Kharkov Fortress, Militärfestung in Charkiw, Ukraine.
Die Kharkov-Festung ist eine Befestigungsanlage aus dem 17. Jahrhundert in Charkiw, Ukraine, die auf einem Plateau zwischen dem Lopan- und dem Charkiw-Fluss errichtet wurde. Die Anlage verfügte ursprünglich über zehn Wachtürme und war von einem System aus Palisaden und Wällen umgeben.
Die Festung wurde 1654 von russischen Soldaten und Kosakenverbänden als Teil der Belgoroder Linie errichtet, um die Südgrenze des Zarentums zu sichern. Im Laufe der Zeit verlor sie ihre militärische Bedeutung, blieb aber der Kern der entstehenden Stadt Charkiw.

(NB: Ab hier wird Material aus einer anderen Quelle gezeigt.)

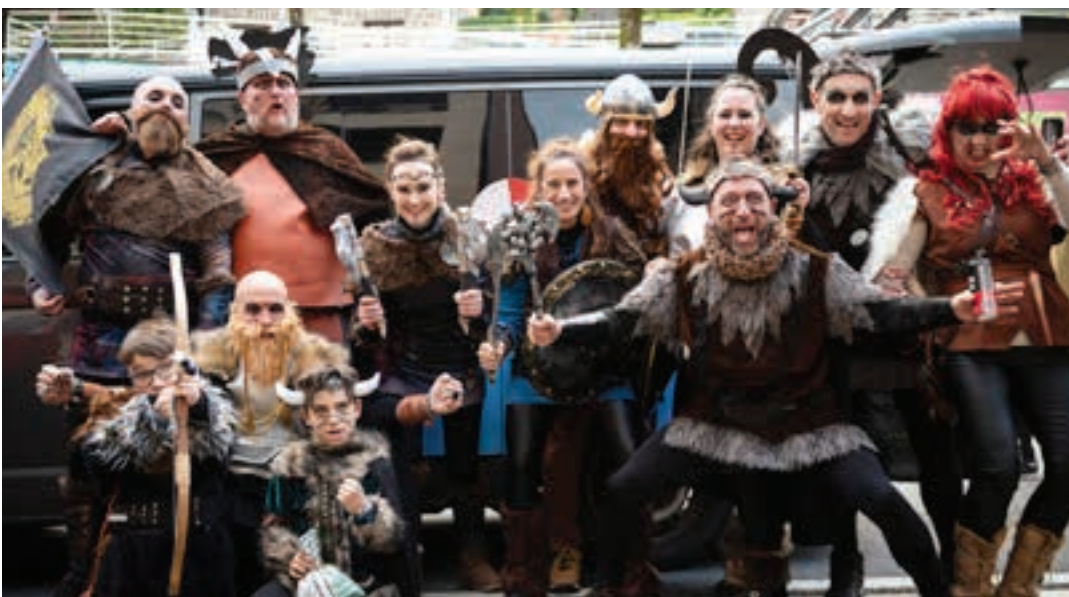
Bikingoen agerpena nabarmena izan da, aurten, Andoaingo eta Urnietako Inauterietan. AIURRI

Die Festung markiert den Ursprung Charkiws, das sich von einem militärischen Außenposten zu einem Zentrum der Bildung entwickelte. Sie prägt bis heute das Verständnis der Einwohner für ihre Stadt als Ort mit tiefem historischen Fundament.
Der Zugang zum Gelände ist derzeit aufgrund der aktiven militärischen Lage in der Region sehr eingeschränkt, daher sollte man die Sicherheitslage vor einer Reise sorgfältig prüfen. Wer sich vor Ort aufhält, sollte auf lokale Hinweise achten und die ausgeschilderten Bereiche nicht verlassen.
Die Festung nutzte zwei Flüsse als natürliche Schutzbarrieren und ergänzte sie durch ein Netz aus Gräben, das die Zugänge zusätzlich sicherte. Dieses Zusammenspiel aus Wasser und Erde machte die Anlage zu einem der am besten geschützten Punkte der gesamten Verteidigungslinie.